I currently wish to make a tricontorf plot for a large 2D dataset

import matplotlib.pyplot as plt
import numpy as np

# Load the 3D data file
data = np.genfromtxt("data.txt", skip_header=14, delimiter="\t", dtype = float)
reflect = data[:,0]
emiss = data[:,1]
tempdiff = data[:,4]
    
fig, ax = plt.subplots()
cb = ax.tricontourf(reflect, emiss, tempdiff, 200, vmin = -800, vmax = 800, cmap = "seismic")
cbar = plt.colorbar(cb)
cbar.set_label(r'z', rotation = 270, labelpad = 13)
ax.set_xlabel('x')
ax.set_ylabel('y')
ax.set_xlim([0.6,1])
ax.set_ylim([0,0.4])

plt.savefig('plot.pdf', bbox_inches='tight', format='pdf')
plt.savefig('plot.png', dpi=300, bbox_inches='tight', format='png')

plt.show()

Produced Plot

However, we can see that there is a large negative tail to z as the dataset has some large negative values in z. I wish to use a divergent color map so the white line in the "Seismic" color map lies at z=0. Is there a way to force a symmetric color bar from -800 to 800 without this large tail we see in the image?

I have tried using the vmin and vmax options in tricontorf but this only scales the range of the color map itself rather than the color bar.

Data file can be found here: https://drive.google.com/file/d/1ydPkAwtYkq7xeQxdw3t5obTAkXsdCrIS/view?usp=sharing


Solution

  • I played around with this problem for a while but wasn't able to get the desired results using the normal methods. So, I resorted to using the function from this answer, but I made the following modifications:

    1. Added fig and ax as optional arguments. If they aren't provided, then it will automatically find them. For tricontourf, it seems to need CS.axes instead of CS.ax that was in the original answer.
    2. Use kwargs.get("extend"), which returns None if "extend" is not a key. This avoids the verbose check for "extend" being a key and then checking the value.
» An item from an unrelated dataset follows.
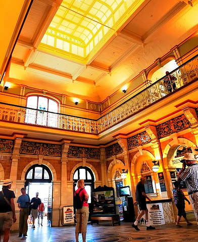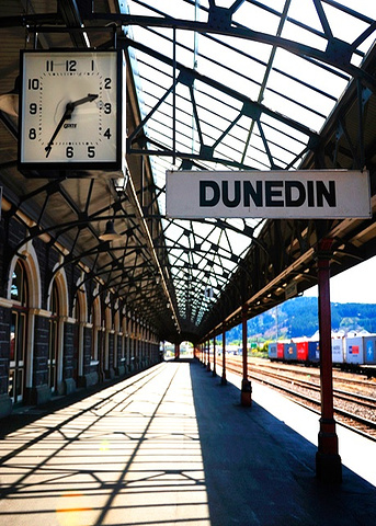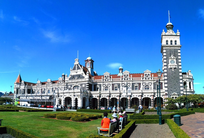 从第一教堂出来,我们来到达尼丁火车站。车站启用于1906年,是一座法兰德斯文艺复兴风格的建筑,半圆拱顶、对称的门窗、半圆形窗都是其特征。外观采用了两种奥塔哥特有的石材:一种是黑色的火山石;另一种是白色的石灰岩。这两种石材的交互运用,形成了和谐的节奏感。达尼丁火车站以其庞大的规模、宏伟的风格和丰富的装饰为世人所称颂。这里有世界上排名前十的观光火车游览项目。
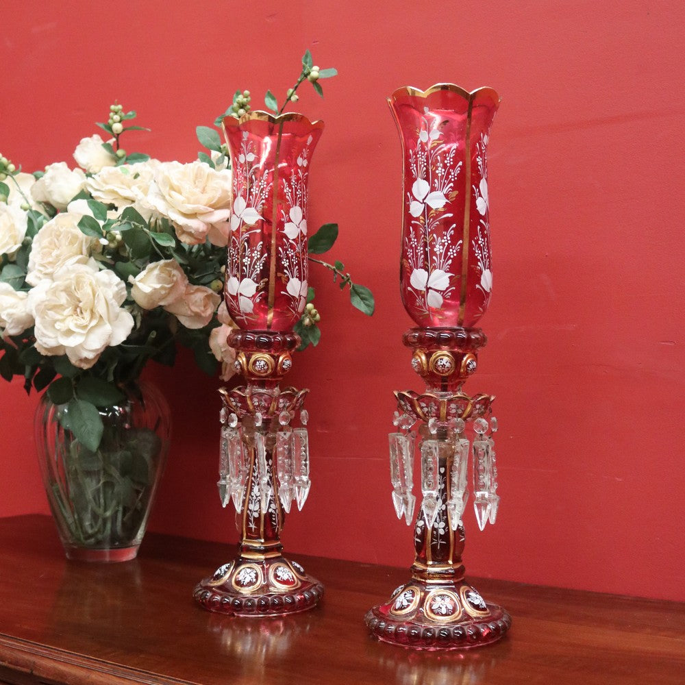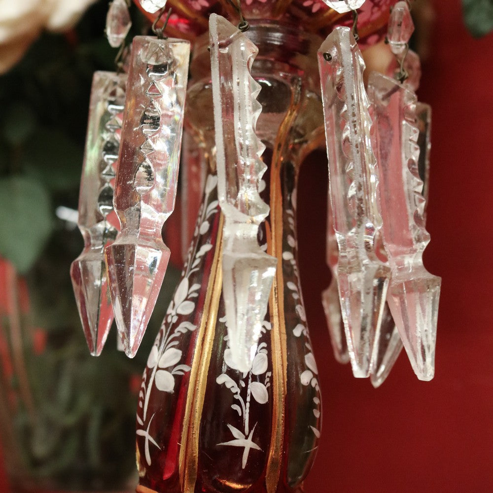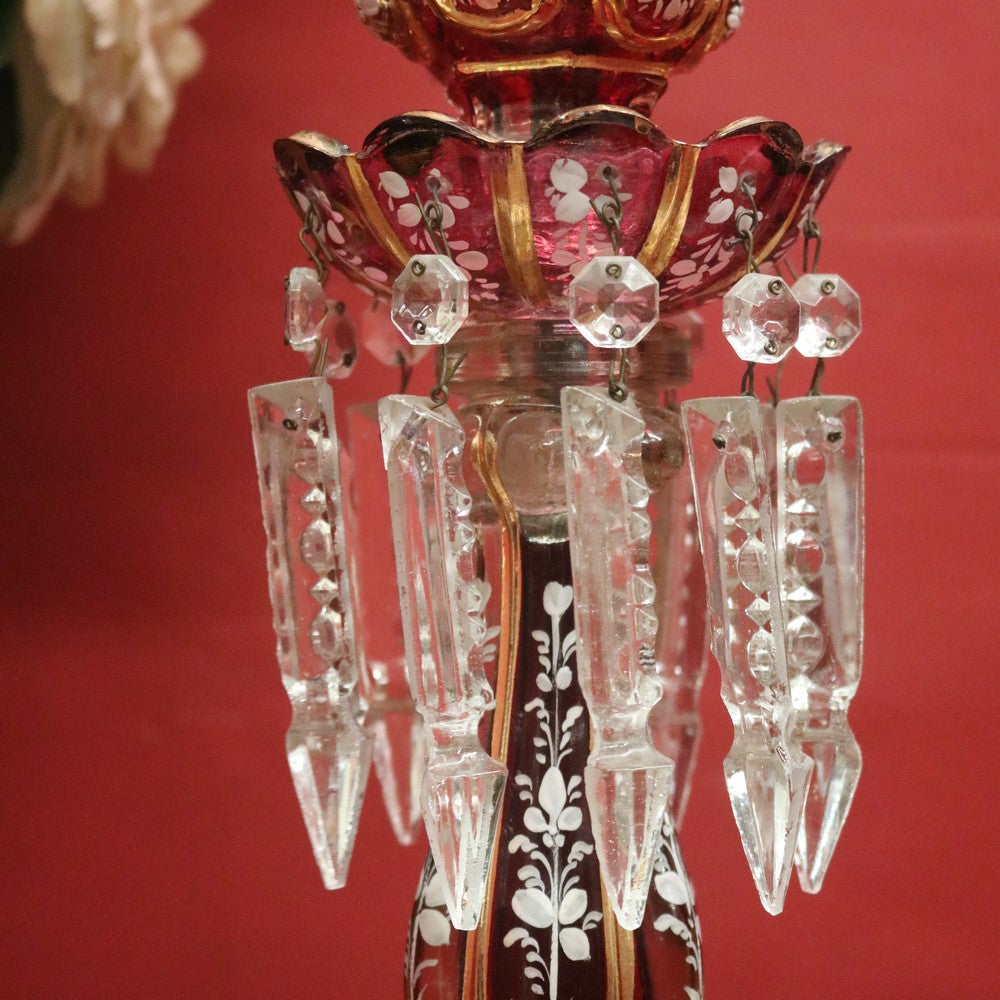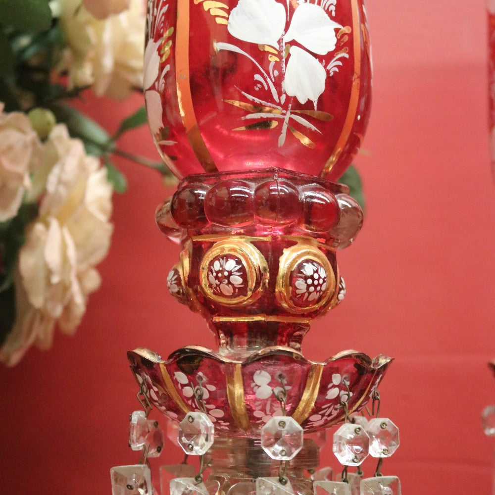 Description: A magnificent pair of antique ruby and clear glass hurricane lamps or mantle lustres. Each features hand-painted floral decoration to the ruby bulbs and gilded oval panels on the base, showcasing finely detailed painted scenes. Adorning each lamp are hand-formed glass prism drops that shimmer beautifully in the light. Elegant, decorative, and rare, these pieces make a stunning statement on any mantel or sideboard.

    So, the code now becomes:

    import matplotlib.pyplot as plt
    import numpy as np
    
    plt.close("all")
    
    reflect, emiss, _, _, tempdiff = np.genfromtxt("data.txt",
                                                   skip_header=14,
                                                   delimiter="\t",
                                                   dtype=float,
                                                   unpack=True)
    
    
    def clippedcolorbar(CS, fig=None, ax=None, **kwargs):
        """https://stackoverflow.com/a/55403314/12131013"""
        from matplotlib.cm import ScalarMappable
        from numpy import arange, floor, ceil
    
        if ax is None:
            ax = CS.axes
        if fig is None:
            fig = ax.get_figure()
    
        vmin = CS.get_clim()[0]
        vmax = CS.get_clim()[1]
        m = ScalarMappable(cmap=CS.get_cmap())
        m.set_array(CS.get_array())
        m.set_clim(CS.get_clim())
        step = CS.levels[1] - CS.levels[0]
        cliplower = CS.zmin < vmin
        clipupper = CS.zmax > vmax
        noextend = kwargs.get("extend") == "neither"
    
        # set the colorbar boundaries
        boundaries = arange((floor(vmin/step)-1+1*(cliplower and noextend))
                            * step, (ceil(vmax/step)+1-1*(clipupper and noextend))*step, step)
        kwargs["boundaries"] = boundaries
    
        # if the z-values are outside the colorbar range, add extend marker(s)
        # This behavior can be disabled by providing extend="neither" to the function call
        if kwargs.get("extend") in [None, "min", "max"]:
            extend_min = cliplower or kwargs.get("extend") == "min"
            extend_max = clipupper or kwargs.get("extend") == "max"
            if extend_min and extend_max:
                kwargs["extend"] = "both"
            elif extend_min:
                kwargs["extend"] = "min"
            elif extend_max:
                kwargs["extend"] = "max"
        return fig.colorbar(m, ax=ax, **kwargs)
    
    
    fig, ax = plt.subplots()
    cb = ax.tricontourf(reflect, emiss, tempdiff, 200, 
                        vmin=-800, vmax=800,
                        cmap="seismic")
    cbar = clippedcolorbar(cb, fig, ax, extend="neither")
    cbar.set_label(r"z", rotation=270, labelpad=13)
    ax.set_xlabel("x")
    ax.set_ylabel("y")
    ax.set_xlim([0.6, 1])
    ax.set_ylim([0, 0.4])
    fig.show()
    

    Also, I'm not sure if you shared a different dataset than the one used to make your plot because the contour levels are slightly different, even when I run your exact code.